Brown Jackson joined President Joe Biden at the White House to watch the vote.  She will take her seat as an Associate Justice on the court when Justice Stephen Breyer retires this summer on June 27

Jackson will join three other women on the Supreme Court: Justice Sonia Sotomayor, Justice Elena Kagan, and Justice Amy Coney Barrett. This will be the first time in U.S. history that there are four women on the Supreme Court. 

“The courage Judge Brown Jackson displayed to embark upon the nomination and confirmation processes is truly remarkable,” said Maryland Congressman Kweisi Mfume, of the Seventh District. “I am confident her unique experiences with the law will bring an invaluable perspective to the Court and prepare her to uphold justice for all. Today, we start a new chapter in American history.” 

Upon casting his vote, Sen. Ben Cardin (D-MD) helped forever change the country’s history. 

“As a senator, one of the most important responsibilities I have under the Constitution is whether to provide my consent to a president’s nomination to the Supreme Court, the highest court in the land,” said Cardin. “Today, I cast my vote to confirm Judge Ketanji Brown Jackson to be an Associate Justice of the Supreme Court because she is one of the most qualified individuals ever nominated to this lifetime position.” 

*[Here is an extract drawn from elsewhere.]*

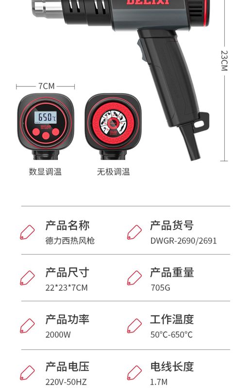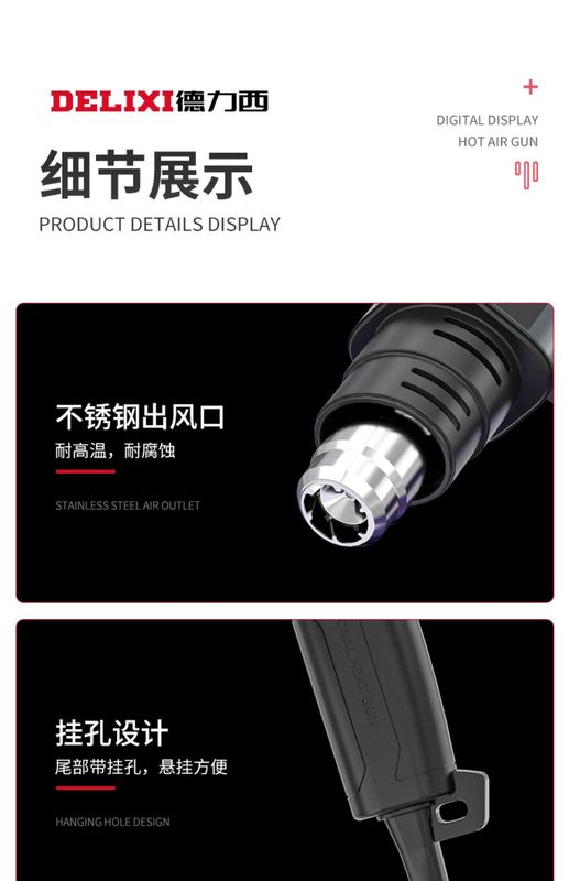 - Type: Digital display temperature regulating hot air gun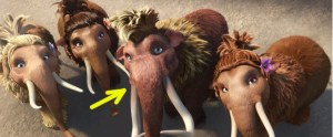 Amora está na fase de paquerar, e é caidinha por um mamute que está sempre cercado de “garotas” (ele está apontado pela seta amarela na figura abaixo).

Cardin said that Judge Jackson “has sterling legal credentials, depth of knowledge, immense integrity and – as we witnessed over days of marathon hearings – incredible judicial temperament.” 

“The Supreme Court makes profound decisions every day that affect the lives of people across this country and it is clear that Judge Jackson will work to preserve and protect the Constitution, and to make sure that all Americans are treated equally under the law,” he added.

U.S. House Representative Alma Adams (D-NC-12) said that “Change comes slowly to the Supreme Court.”

“It wasn’t until 1916 that Louis Brandeis became the first Jewish man on the Supreme Court. It wasn’t until 1967 that Thurgood Marshall became the first Black associate justice, and it wasn’t until 1981 – over two centuries after the Declaration of Independence – that Sandra Day O’Connor became the first woman nominated and confirmed to our country’s highest court,” she said. “That is why Ketanji Brown Jackson’s confirmation is the reason for celebration. Not only will she be the first Black woman in our nation’s history to serve as an Associate Justice of the Supreme Court of the United States; but she will also be a role model to women and girls everywhere. Her presence on the bench will be another reminder that women from every background belong everywhere decisions are being made.”

Adams noted that “Justice Jackson is yet another example of the role Historically Black Colleges and Universities (HBCUs) play in the social and economic mobility of Black Americans.” 

“Both of Jackson’s parents attended HBCUs, including North Carolina Central University, creating the opportunity for their daughter to attend Harvard,” said Adams. “Now, for the first time, a daughter of HBCU graduates is joining the Supreme Court. I join millions of Americans in sharing in the pride that Justice Jackson’s parents feel today.”